Geliefden, wat voor vreugde is er? Lijden, het lijden tot de dood, het lijden van de Zoon van God, een lijden dat door God Zelf was aangesteld om het overgedragen offer te zijn en een lijden dat geheel en al af en perfect is! Laat ons naar het teken kijken en laat vanaf nu voor altijd onze harten vrolijk in ons zijn. Ooit gaf een van onze koningen een ring aan zijn geliefde, en hij zei: “Ik weet dat morgen tijdens de kerkvergadering een aanklacht van ketterij tegen je zal worden ingébracht. Maar als je binnenkomt en hen beantwoordt, hoef je niet bang te zijn. Als je jezelf in het nauw gedreven voelt, hoef je niet verder te gaan, laat hen de ring zien en zij zullen stoppen.” Zo is het ook met ons: de Heere heeft ons het dierbare bloed van Christus gegeven om als een diamanten ring te zijn om onze vinger. Nu weten we daardoor hoever ons geweten mag gaan en hoever de beschuldigingen van de satan mogen gaan. Het enige wat we te hoeven laten zien is het teken, en verdere beschuldigingen worden gestaakt. “Hij die in Hem gelooft, is niet verdoemd”, en kan het ook niet worden. God kan en wil niet terugkomen op Zijn belofte, het bloed is de waarachtige verzekering van de veiligheid van alle heiligen.

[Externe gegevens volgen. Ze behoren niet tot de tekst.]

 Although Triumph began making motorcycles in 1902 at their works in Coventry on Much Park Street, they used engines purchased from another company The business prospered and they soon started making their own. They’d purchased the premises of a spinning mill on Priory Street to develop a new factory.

Ten derde, dit is een zeker teken. In het algemeen duiden tekenen iets aan, er wordt iets door een teken gesuggereerd. Nu, ons teken van het bloed betekent vier dingen. Als de Jood het bloed op de bovendorpel en de deurposten streek, bedoelde hij verlossing. Door dat te doen, zei hij als het ware: “Wij zijn verlost door bloed, de mensen die in dit huis wonen zijn vrij, ze waren slaven maar ze zijn verlost. Morgenochtend zullen zij uitgaan en de oude Farao en zijn hele leger kunnen hen niet tegenhouden.” Dat is precies wat het bloed van Jezus Christus ons wil zeggen. We zijn gekocht en betaald en we zijn vrije mensen: als de Zoon ons heeft vrijgemaakt, dan zijn we ook vrij. “O Heere, ik ben Uw dienaar, ik ben Uw dienaar, U heeft mijn banden verlost. U heeft mij uit de gevangenis uitgebracht, vanachter de ijzeren tralies, en al mijn kettingen verbroken, Uw gesprenkelde bloed verklaart het.”

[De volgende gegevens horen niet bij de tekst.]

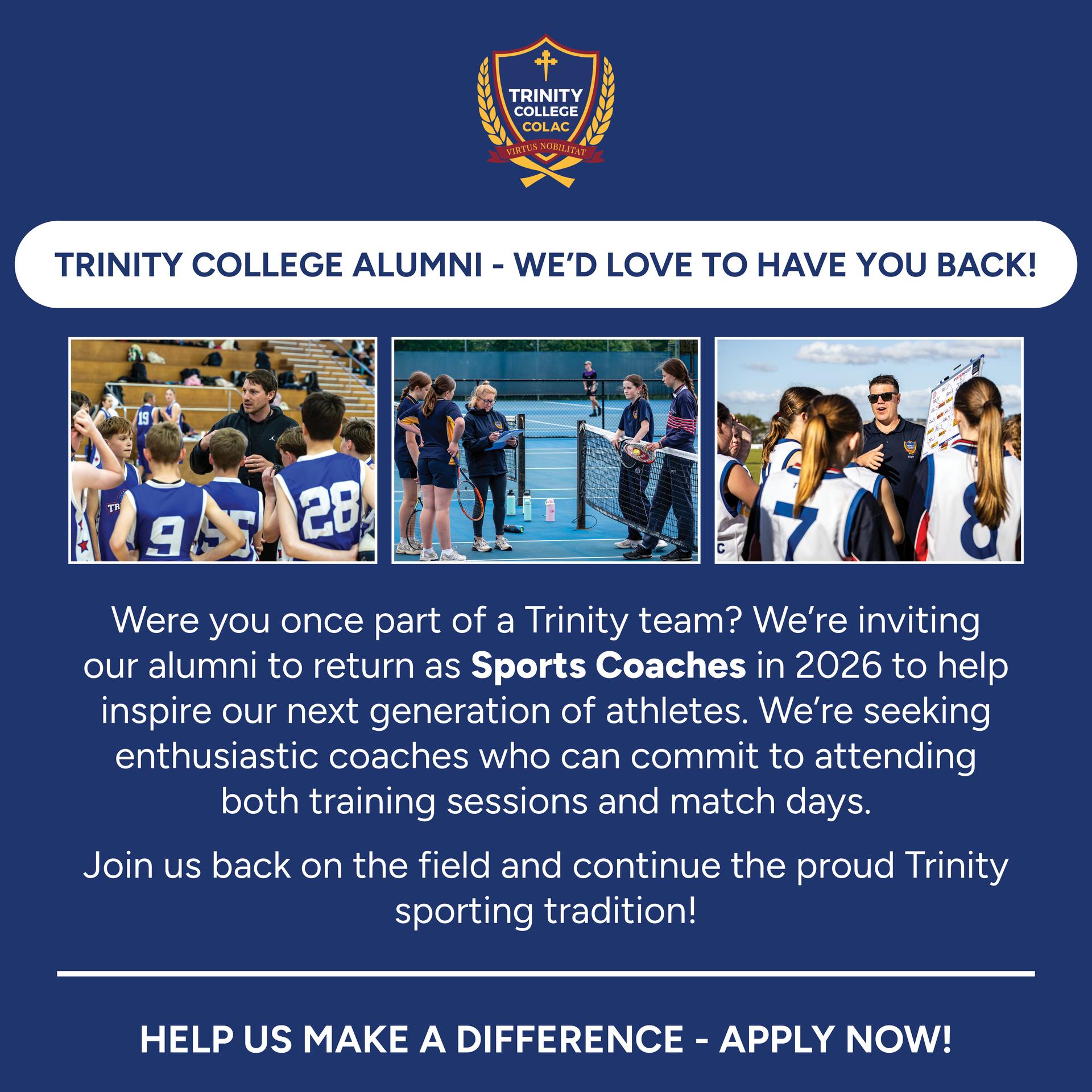 Join us back on the field and continue the proud Trinity sporting tradition!

Het bloed gaf ook aan dat degenen die onder dat teken woonden bij God hoorden. Het was het teken van het eigendom van de Heere: “U bent niet van uzelf, u bent duur gekocht.” Hij Die ons verlost heeft, hoort ons ook te bezitten. Toen het bloed ons had gekocht, heeft het ons apart gezet om voor eeuwig het eigendom van de Verlosser te zijn. Als u ooit denkt aan hoe Jezus gekruisigd werd, denk uzelf dan eens in dat u gekruisigd bent aan deze wereld. Alsof u niet meer aan uzelf toebehoort of aan de zonde of de satan, niet langer gebonden door wereldse gewoonten, modes, spreuken en wetten; maar onder de wet van Christus, voor God bent u een vrij mens. Geef dan de leden van uw lichaam over aan Zijn dienst, gebruik ze als dienaren voor gerechtigheid, omdat u gekocht bent, geest, ziel en lichaam. En u bent niet gekocht met vervalsbare zaken als goud en zilver, maar met het dierbare bloed van Christus als een volkomen Lam, zonder enig gebrek. Dit teken heeft onze verlossing verzekerd, maar ook Gods eigendom van ons.

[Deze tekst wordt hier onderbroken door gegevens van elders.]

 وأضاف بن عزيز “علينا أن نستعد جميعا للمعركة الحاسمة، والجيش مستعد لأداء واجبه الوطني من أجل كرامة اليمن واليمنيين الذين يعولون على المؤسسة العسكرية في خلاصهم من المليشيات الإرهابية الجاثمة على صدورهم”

Dit teken betekent ook aanneming. Hij die het bloed van Christus op zich heeft laten sprenkelen, doet dat om aan te geven wat voor hem nodig is om voor de Heere de kunnen staan. Er is een oorlog geweest, een gewonde soldaat komt thuis en hij gaat in het huis van ouders die een zoon in het leger hebben. Hij vraagt: “Woont die en die hier?” Ja. “Kan ik hem spreken?” Zeker. “Ik heb een brief van uw zoon, die ik achtergelaten heb in het leger, hij was mijn beste vriend.” Bent u er zeker van dat u zo’n brief heeft? De man ziet er onverzorgd uit, zijn uniform is verscheurd en het is hem aan te zien dat hij geen geld heeft, maar hij antwoordt: “Ja, ik heb een brief van uw zoon”. Hij zoekt in zijn zakken naar de brief maar kan hem niet vinden. De heer des huizes is boos en antwoord: “Het heeft geen zin om ons hier lastig te komen vallen met je verhalen, je houdt ons voor de gek”. Nog steeds zoekt de soldaat in zijn zakken en ten langen leste haalt hij er iets uit.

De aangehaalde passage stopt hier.